Is there a way for you to see what /usr/bin/telegraf is? via something like stat /usr/bin/telegraf. The error makes me think something has changed it or it has become a symlink.

Thanks!

@WS-Dave do you happen to be running the container on a synology device (per system info it looks like it)? If so can you take a look at influxdata/influxdata-docker#561 please?

@powersj Thank you for your follow up.

Indeed - I'm running
Synology DS1515+ DSM 6.2-25556
Docker 20.10.3-0554

and the setcap/aufs/capsh issues seem to be biting me.

Is there a workaround?
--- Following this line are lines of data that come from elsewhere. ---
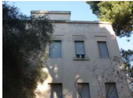
Viste cordolo di coronamento
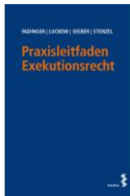
Praxisleitfaden Exekutionsrecht Ladenpreis: 36,00 EUR
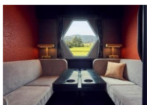
△コンパートメント
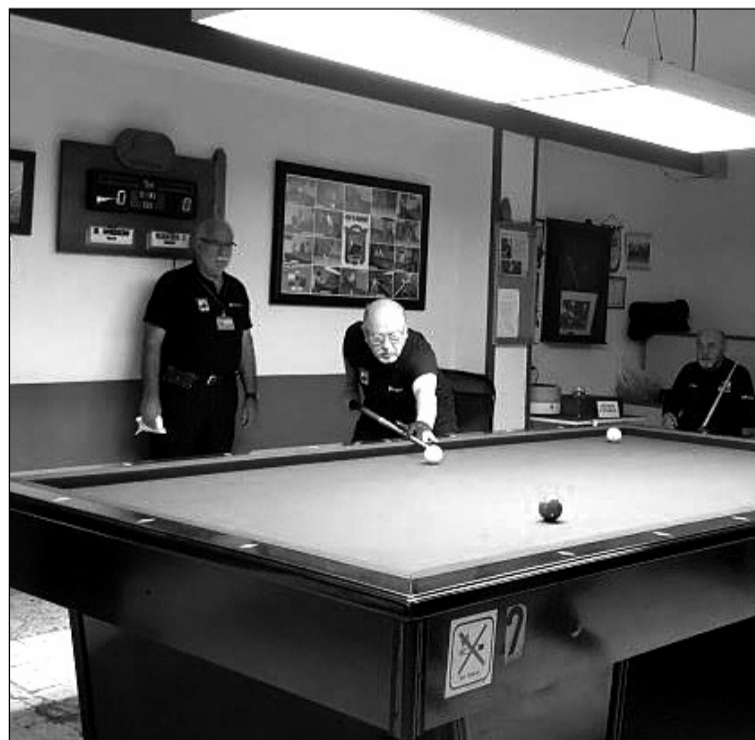
Imagen de una de las partidas disputadas.

I couldn't identify one directly from influxdata/influxdata-docker#561
Maybe I'm missing something in terms of syntax and settings.

Thx!

I am not sure what options Synology's Docker plugin gives you, if possible you could try running the container as the 'telegraf' user to avoid trying to set the capabilities or use an older version of the container image

I am going to close this issue and track updating the error message and not failing on influxdata/influxdata-docker#561

Thanks!

huzzah!

Thank you for the follow up!

I added the user flag as follows
-u "telegraf"
and It Just Works (with 'latest')

sudo docker run -itd --name="telegraf" -p 8092:8092/udp -p 8094:8094/tcp -p 8125:8125/udp --restart=always -v /volume1/docker/telegraf/mibs:/usr/share/snmp/mibs -v /volume1/docker/telegraf/configuration:/etc/telegraf -v /volume1/docker/telegraf/logs:/var/log/telegraf -e "TZ=America/Los_Angeles" -u "telegraf" telegraf:latest

Hope this helps others - and Thanks Again!